● Assignment:
For each record that follows, give it back exactly, with no pictures included.

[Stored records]
────────────────────
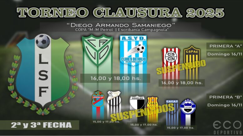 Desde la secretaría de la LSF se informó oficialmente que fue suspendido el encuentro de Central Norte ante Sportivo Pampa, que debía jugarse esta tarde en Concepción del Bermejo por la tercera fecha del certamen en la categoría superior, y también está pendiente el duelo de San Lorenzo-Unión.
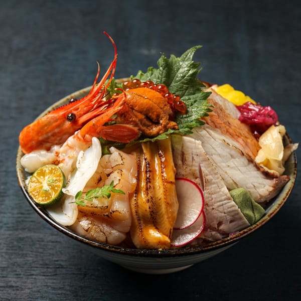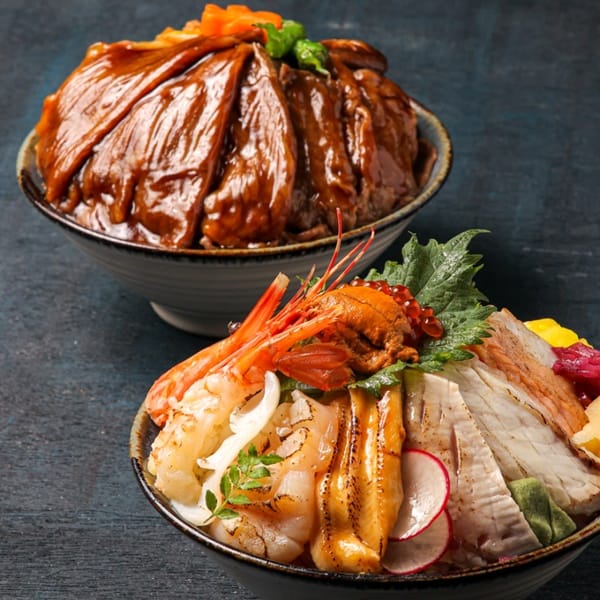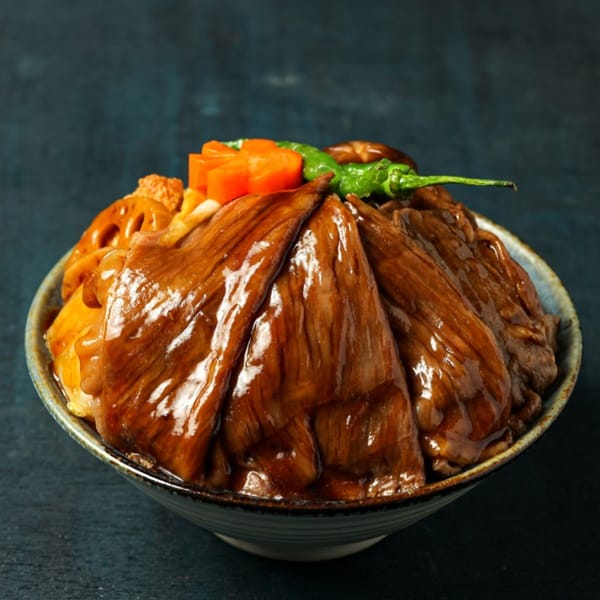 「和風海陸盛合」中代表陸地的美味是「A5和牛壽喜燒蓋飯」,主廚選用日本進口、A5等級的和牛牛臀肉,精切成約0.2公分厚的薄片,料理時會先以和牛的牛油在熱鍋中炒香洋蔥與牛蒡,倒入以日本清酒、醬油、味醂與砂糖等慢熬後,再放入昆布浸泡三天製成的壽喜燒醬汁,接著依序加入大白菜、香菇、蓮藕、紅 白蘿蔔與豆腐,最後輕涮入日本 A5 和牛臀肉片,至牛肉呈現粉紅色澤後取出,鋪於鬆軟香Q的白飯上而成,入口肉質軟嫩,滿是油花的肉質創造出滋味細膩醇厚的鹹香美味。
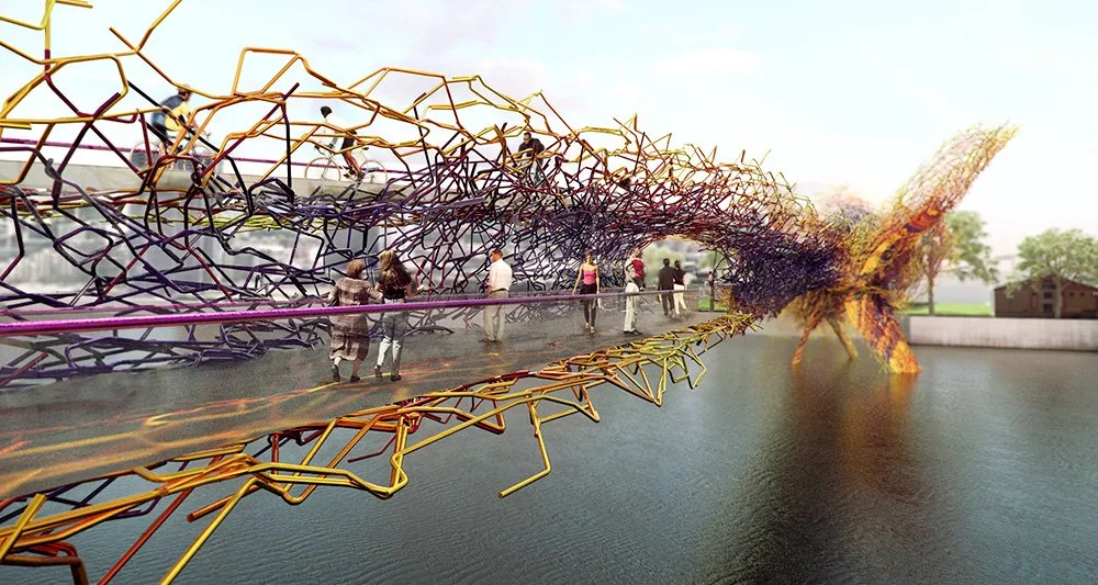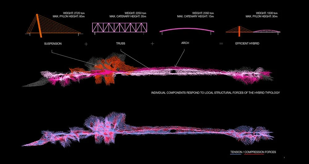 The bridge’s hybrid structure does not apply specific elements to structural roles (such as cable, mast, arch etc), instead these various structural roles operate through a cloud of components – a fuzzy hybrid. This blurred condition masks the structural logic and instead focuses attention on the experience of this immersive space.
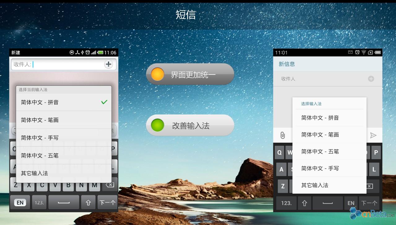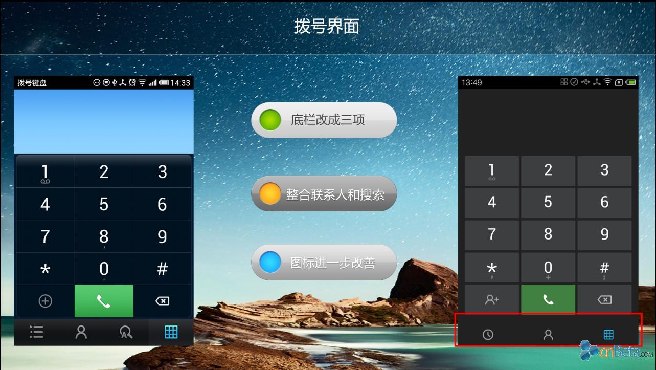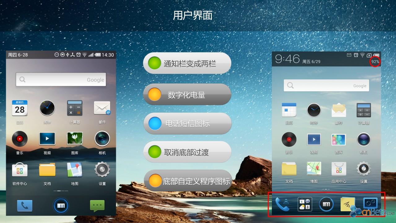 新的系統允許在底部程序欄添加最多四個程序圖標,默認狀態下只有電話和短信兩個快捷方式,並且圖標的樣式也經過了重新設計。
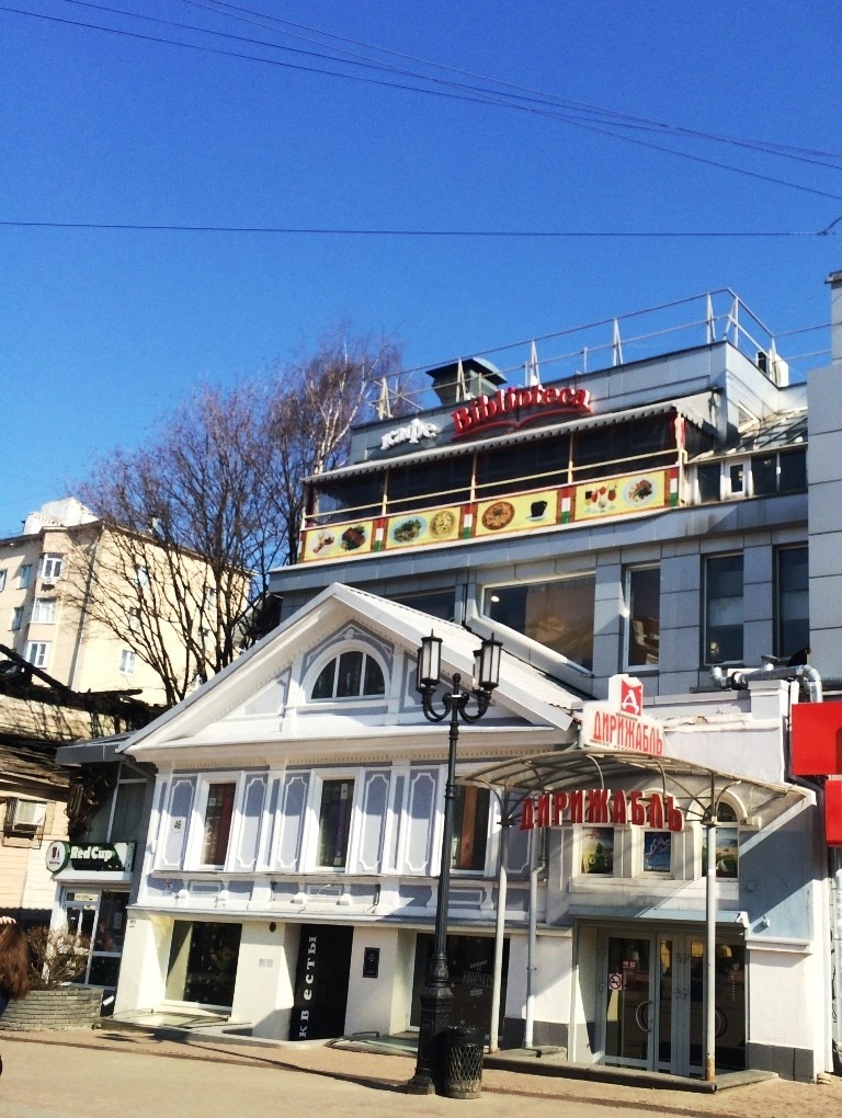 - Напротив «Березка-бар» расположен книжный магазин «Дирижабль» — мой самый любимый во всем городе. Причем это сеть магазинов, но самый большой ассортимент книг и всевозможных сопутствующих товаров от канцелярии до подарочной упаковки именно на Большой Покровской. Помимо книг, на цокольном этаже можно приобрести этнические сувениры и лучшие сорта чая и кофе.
────────────────────
● Written solution:
 Desde la secretaría de la LSF se informó oficialmente que fue suspendido el encuentro de Central Norte ante Sportivo Pampa, que debía jugarse esta tarde en Concepción del Bermejo por la tercera fecha del certamen en la categoría superior, y también está pendiente el duelo de San Lorenzo-Unión.
 「和風海陸盛合」中代表陸地的美味是「A5和牛壽喜燒蓋飯」,主廚選用日本進口、A5等級的和牛牛臀肉,精切成約0.2公分厚的薄片,料理時會先以和牛的牛油在熱鍋中炒香洋蔥與牛蒡,倒入以日本清酒、醬油、味醂與砂糖等慢熬後,再放入昆布浸泡三天製成的壽喜燒醬汁,接著依序加入大白菜、香菇、蓮藕、紅 白蘿蔔與豆腐,最後輕涮入日本 A5 和牛臀肉片,至牛肉呈現粉紅色澤後取出,鋪於鬆軟香Q的白飯上而成,入口肉質軟嫩,滿是油花的肉質創造出滋味細膩醇厚的鹹香美味。
 The bridge’s hybrid structure does not apply specific elements to structural roles (such as cable, mast, arch etc), instead these various structural roles operate through a cloud of components – a fuzzy hybrid. This blurred condition masks the structural logic and instead focuses attention on the experience of this immersive space.
 新的系統允許在底部程序欄添加最多四個程序圖標,默認狀態下只有電話和短信兩個快捷方式,並且圖標的樣式也經過了重新設計。
 - Напротив «Березка-бар» расположен книжный магазин «Дирижабль» — мой самый любимый во всем городе. Причем это сеть магазинов, но самый большой ассортимент книг и всевозможных сопутствующих товаров от канцелярии до подарочной упаковки именно на Большой Покровской. Помимо книг, на цокольном этаже можно приобрести этнические сувениры и лучшие сорта чая и кофе.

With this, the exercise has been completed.